Een andere kwaal bij onze hangoren zijn de zgn. olifantstanden, ook dit zou
een gevolg kunnen zijn van de sterke afwijking van de traditionele kop van
konijnen. Een eigenaardig verschijnsel is de wipneus. Enkel de echte topdieren
hebben deze "afwijking'' die gelukkig niet bestraft wordt. Het is als het ware
een iets uitstekende neuspunt die goed zichtbaar boven het kromme neusbeen
uitkomt. Laten we dit fenomeen eerder als een eigenschap dan als een fout blijven
beoordelen want enkel bij onze topdieren komt men het tegen.
Vlak onder de kin hebben vooral overjaarse rammen dikwijls een knoop. Het is
een aanhangsel ter grootte van een walnoot gezeten tussen de basis van de onderkaak
en de kin. Deze knoop zou de rammenkop nog meer expressie geven. Men mag echter
niet vergeten dat er nog een groot wammenprobleem heerst bij onze Franse Hangoren.
De knoop bij de ram zal erfelijk gezien de wammen meer in de hand werken dan
omgekeerd, daarom is het beter deze knoop niet aan te moedigen bij de fokkers.
Ook knooploze rammen kunnen gemakkelijk als echte topdieren door het leven
gaan.
De pels.
De pels van de Franse
Hangoor moet langer zijn dan de gewone normale pels. Bovendien moet
hij zeer veel onderwol bevatten. Laten we het geheel bekijken.
1. De Beharing
Het dekhaar (grannen) mogen zeker 3 cm lang zijn.
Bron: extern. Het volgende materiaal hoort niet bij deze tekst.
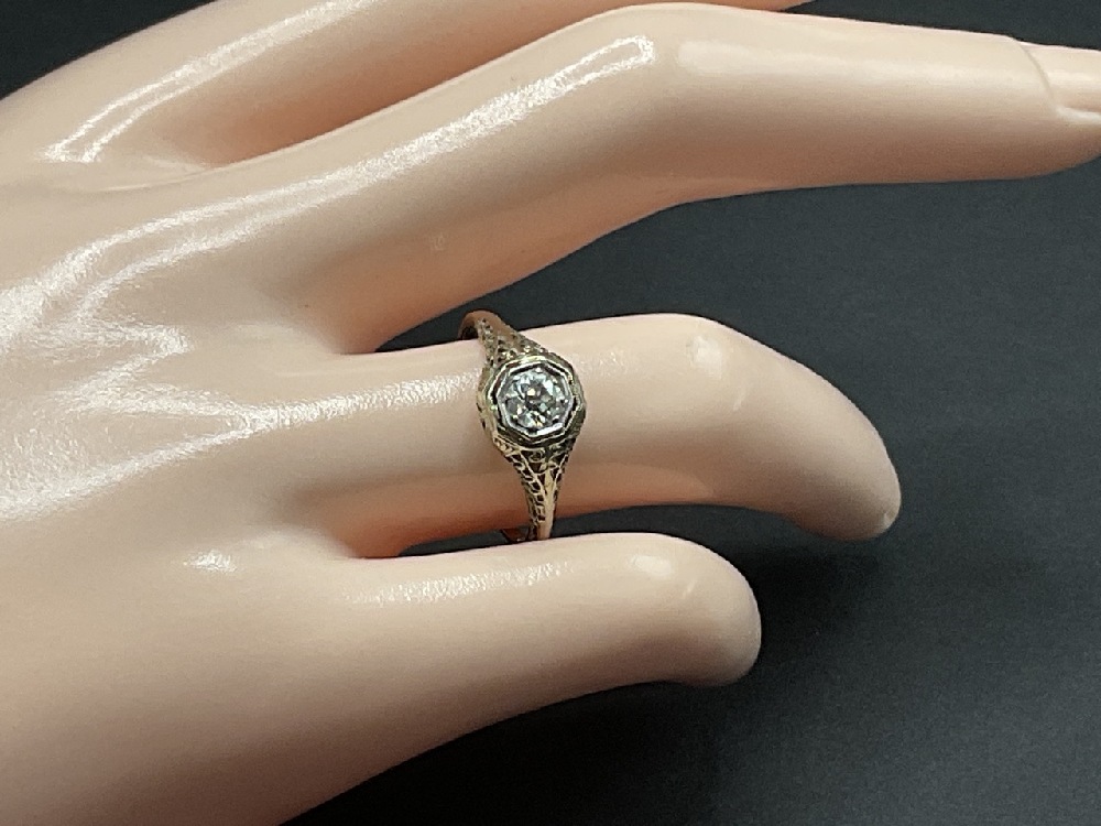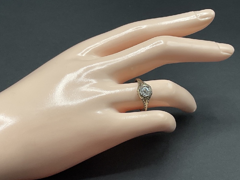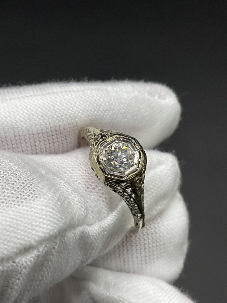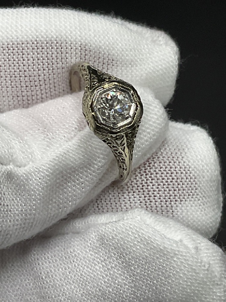 18K White Gold Lady's Diamond Engagement Ring. Fine setting with round mine cut diamond.

Elasticiteit en glans zijn
eigenschappen die nodig zijn voor de conditie van de pels. Een goede volle
pels waarop een prima conditie glanst maakt het volume van het dier voller
en groter.
2. De Onderwol
Onze bijzondere aandacht gaat naar de onderwol. De dichtheid van de onderwol
is een bepalende factor voor de kwaliteit van de pels. Het is voor de fokker
en de keurmeester belangrijk veel aandacht te besteden aan de dichtheid van
de onderwol. Dieren met veel onderwol kunnen gemakkelijk klitvorming krijgen.
Bijzonder de dieren die in hoge mate een beste onderwol bezitten hebben vaak
last van deze klitten. Wanneer men tijdig deze kwaal kan bestrijden door borstelen
of nog beter het uit elkaar trekken van de klitten is het nog mogelijk goede
resultaten te behalen. Wanneer men er echter niet tijdig bij is zal het moeilijk
zijn de haarklitten te ontwarren.
Een veel voorkomende fout bij onze Hangoren is de ruime en losse pels, vooral
de voedsters met hun grote wammen en de broekvorming bij veel dieren vormen
problemen. Een goede pelsconditie is zoals reeds gezegd een noodzaak. Door
de stroeve verharingsperiode die kenmerkend is voor Franse Hangoren is het
niet gemakkelijk dieren in topconditie te brengen, daarom is het nodig als
fokker de evolutie van de verharingsperiode goed te volgen, en door borstelen
en kammen met daarbij een aangepaste voeding deze verharingsperiode te helpen
en te stimuleren.
De Kleurslagen.
De Franse Hangoor is
bekronenswaardig in alle erkende kleurslagen.
Toch blijft de kleur van onze Franse Hangoor dikwijls wat achter, dit omdat
bij andere rassen de kleur een hoofdfactor is en worden de dieren daar streng
op geselecteerd. Bij Franse Hangoren wordt eerst op het type geselecteerd.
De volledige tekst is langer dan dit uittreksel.